Discussed with Val. Will assign this ticket to her, and she'll hand it back when needed.

RLovering commented 8 years ago

Hi I've tried to follow this thread and I am confused about what the problem is. I remember in one GOC meeting Peter pointed out that an enzyme has to bind a substrate in order to catalyse the reaction. Is the same not true of chaperones (sorry I haven't annotated these)

Plus I don't understand why GO:0061077 chaperone-mediated protein folding hasn't been mentioned in this discussion (definition: The process of inhibiting aggregation and assisting in the covalent and noncovalent assembly of single chain polypeptides or multisubunit complexes into the correct tertiary structure that is dependent on interaction with a chaperone.) And why this term isn't a child of protein binding when the definition states that the folded protein and the chaperone interact. But maybe this is because if you inhibit a chaperone you don't necessarily inhibit protein binding?

Sorry if my comments don't fit with the discussion.

Ruth

ValWood commented 8 years ago

I’ll summarise and hand back to Paola.

The terms for chaperone are very hard to locate.

If you search on “chaperone” in QuickGO, you get lots of obsolete terms

At number 15 you get

“GO:0005515 protein binding” narrow protein folding chaperone

So most people might think, Oh, I should use this term.

BUT

further down the list is GO:0044183 protein binding involved in protein folding broad synonym chaperone activity

which is the correct term to use.

I only had 1 simple request (I thought)

  1. The narrow “protein folding chaperone” synonym of GO:0005515 should really be an exact synonym of GO:0044183 protein binding involved in protein folding

So it should be moved.

BUT “protein folding chaperone” is a much more biologist-friendly term name than “protein binding involved in protein folding” so instead of making it the exact synonym, make it the primary term name.

This will help curators, and users immensely, to a) locate the term, and b) know exactly what it means

I didn’t think it would be controversial, but its probably my fault for thinking it was obvious and not explaining it properly.

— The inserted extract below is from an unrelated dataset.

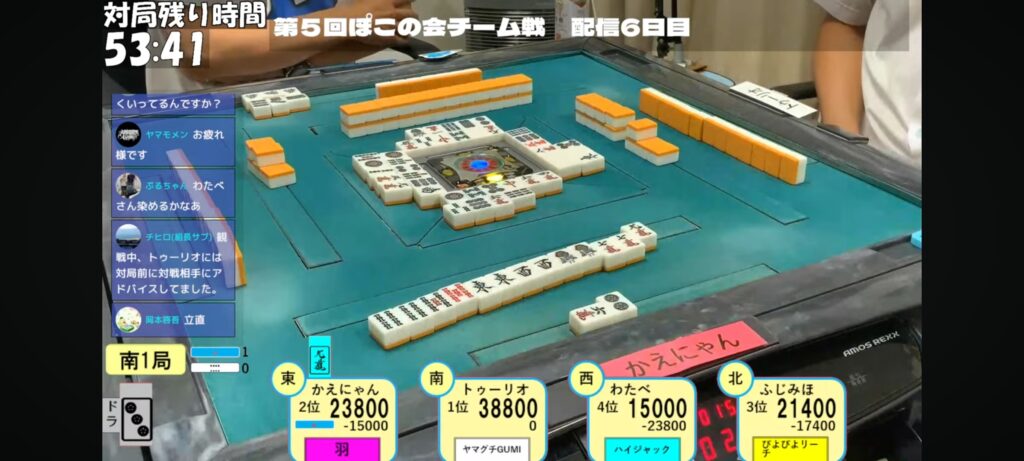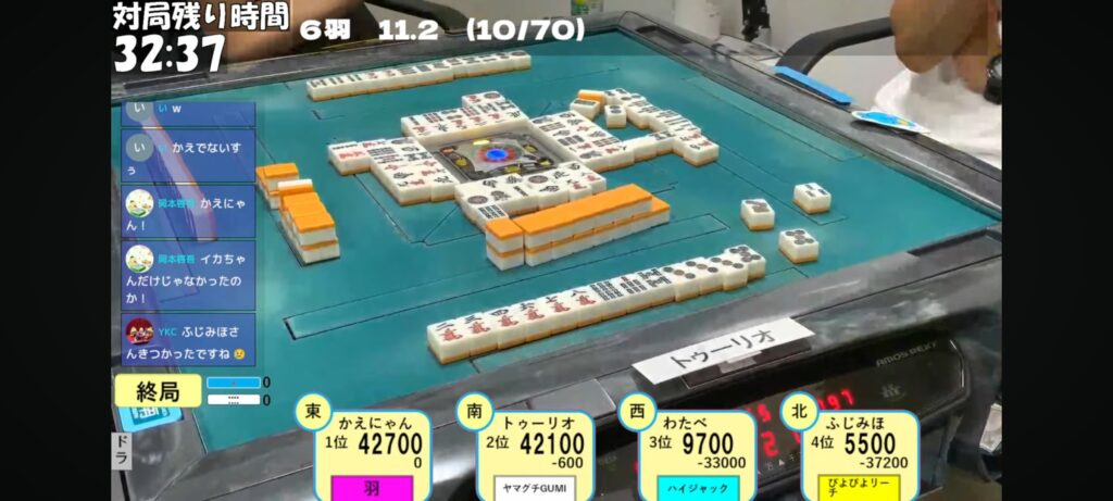 ヤマグチGUMIのまおー選手は更にめちゃくちゃついて無かったですね。東発のドラドラ1-4m待ちリーチが12000放銃になり、ダマテン6400地獄待ちに当たったりとこれは可哀想となる様な展開でしたね。切り替えて次戦頑張って頂きたいです!
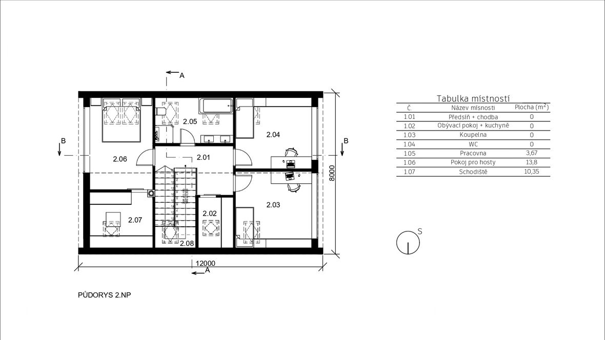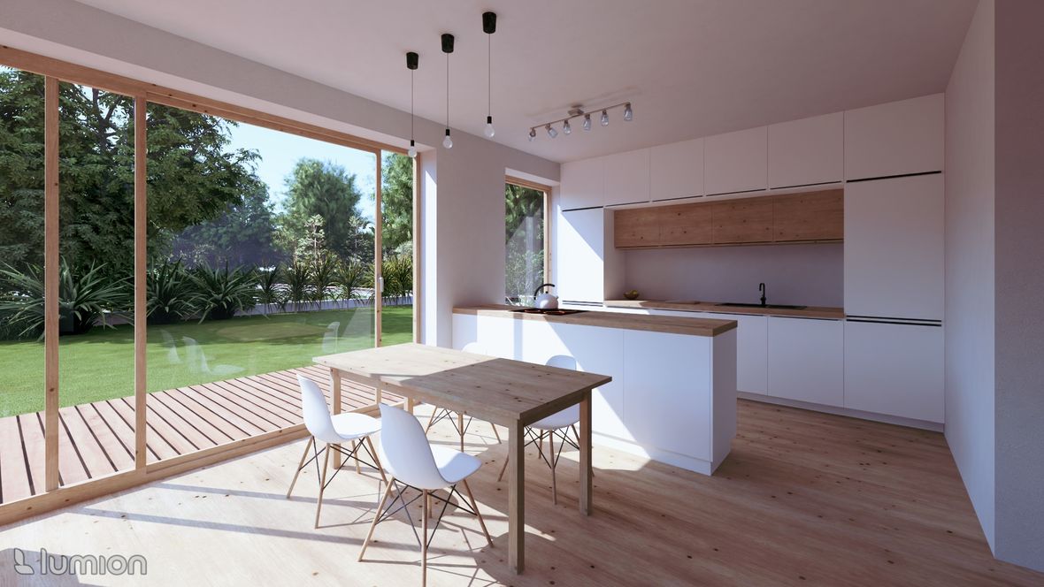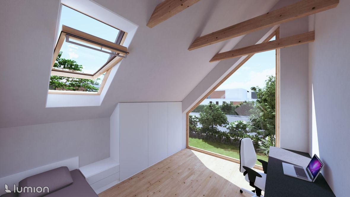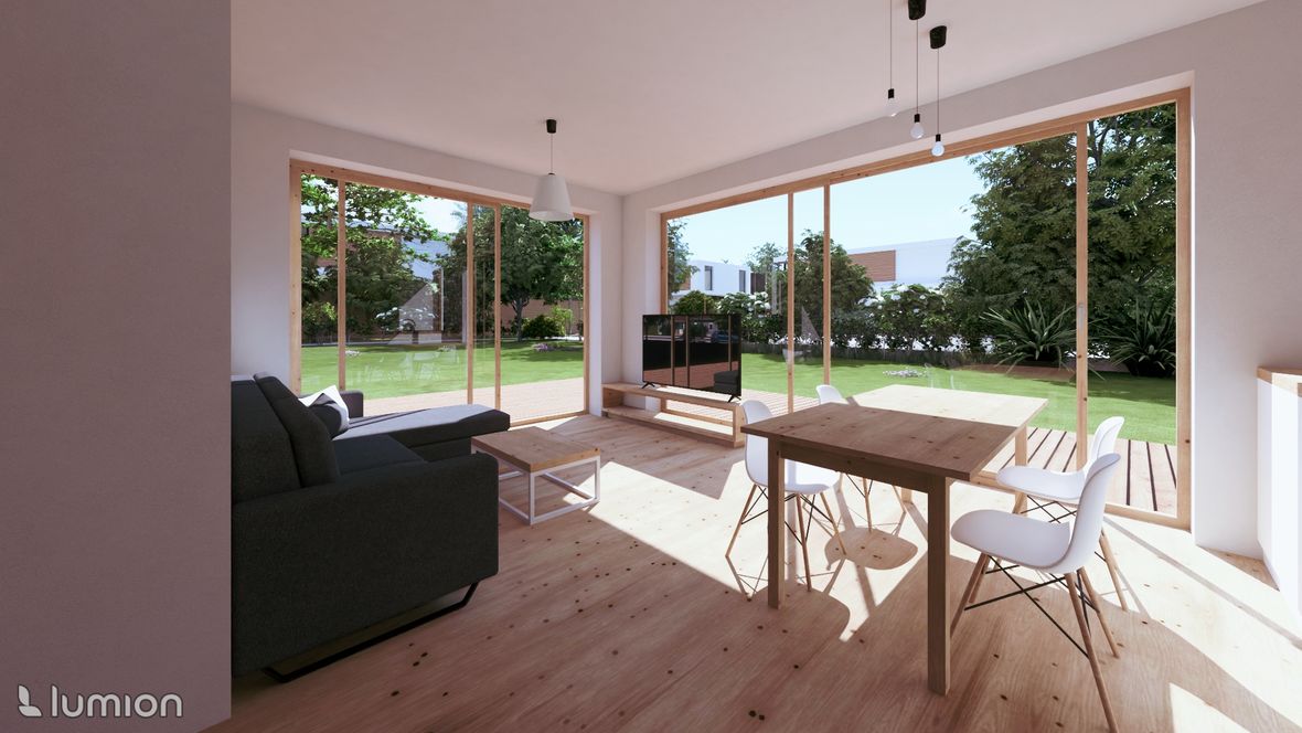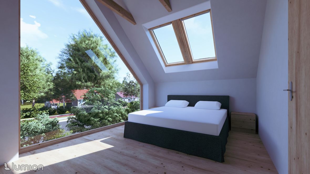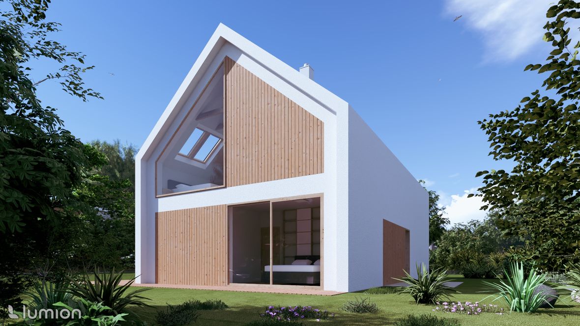 Architektonická koncepce domu je založena na minimalistickém designu s důrazem na jednoduchost a čisté linie. Stavba je navržena s ohledem na požadavky moderního bydlení, včetně aktuálních standardů komfortu a energetické účinnosti. Klíčovým prvkem jsou velkoformátová okna, která propojují interiér s exteriérem a umožňují přirozené prosvětlení. Střešní okna dále umocňují pocit otevřenosti a vzdušnosti. Celkový koncept vytváří harmonický prostor, který je flexibilní a snadno se přizpůsobí měnícím se potřebám obyvatel, a to bez nutnosti rozsáhlých rekonstrukcí.

Ruth, does this make sense to you? I think it fits with the meaning and use of these terms. If it doesn’t then most people are using them incorrectly.

(I didn’t mention GO:0061077 chaperone-mediated protein folding because its a process term)

RLovering commented 8 years ago

Thanks Val

I agree that finding these terms would be helped by your suggestions and apologies for not thinking re function and process,

Best Ruth

paolaroncaglia commented 8 years ago

Will arrange discussion with @ValWood and @ukemi in June, about this ticket, the one quoted above and another related one assigned to @ukemi . I'll set to pending for now, thanks.

paolaroncaglia commented 8 years ago

Note for self: Val suggested: "Let's leave this until later. The chaperone stuff might need broader discussion. Also I think the chaperones might have slightly different functional roles. I might be able to add some of these to the tickets based on some discussion with Antonia".

paolaroncaglia commented 8 years ago

Val suggests to discuss this at the Noctua workshop at EBI.

paolaroncaglia commented 7 years ago

Hi @ValWood , In view of our meeting tomorrow: please see this comment from June 8th and following: https://github.com/geneontology/go-ontology/issues/12252#issuecomment-224505750 I'll leave this ticket as 'pending' unless you have any updates. Cheers.

paolaroncaglia commented 7 years ago

Hi @ValWood , Could you please take a look at this ticket when you have a chance, and comment on whether this issue was discussed somewhere else, or should be left as pending, or scheduled for discussion at an annotation call, or may be closed etc? :-) Thanks!

ValWood commented 7 years ago

I would say pending. I'm also happy for you to close it. We can always dig it out when the various "chaperone functions" become an issue for LEGO modelling, but it will likely be a long time before I am annotating any of these.

paolaroncaglia commented 7 years ago

The word "close" sounds delightful to me, so I'll go ahead and do just that. I'll leave the labels though, and it could also be retrieved by a search for 'chaperone'. Thanks.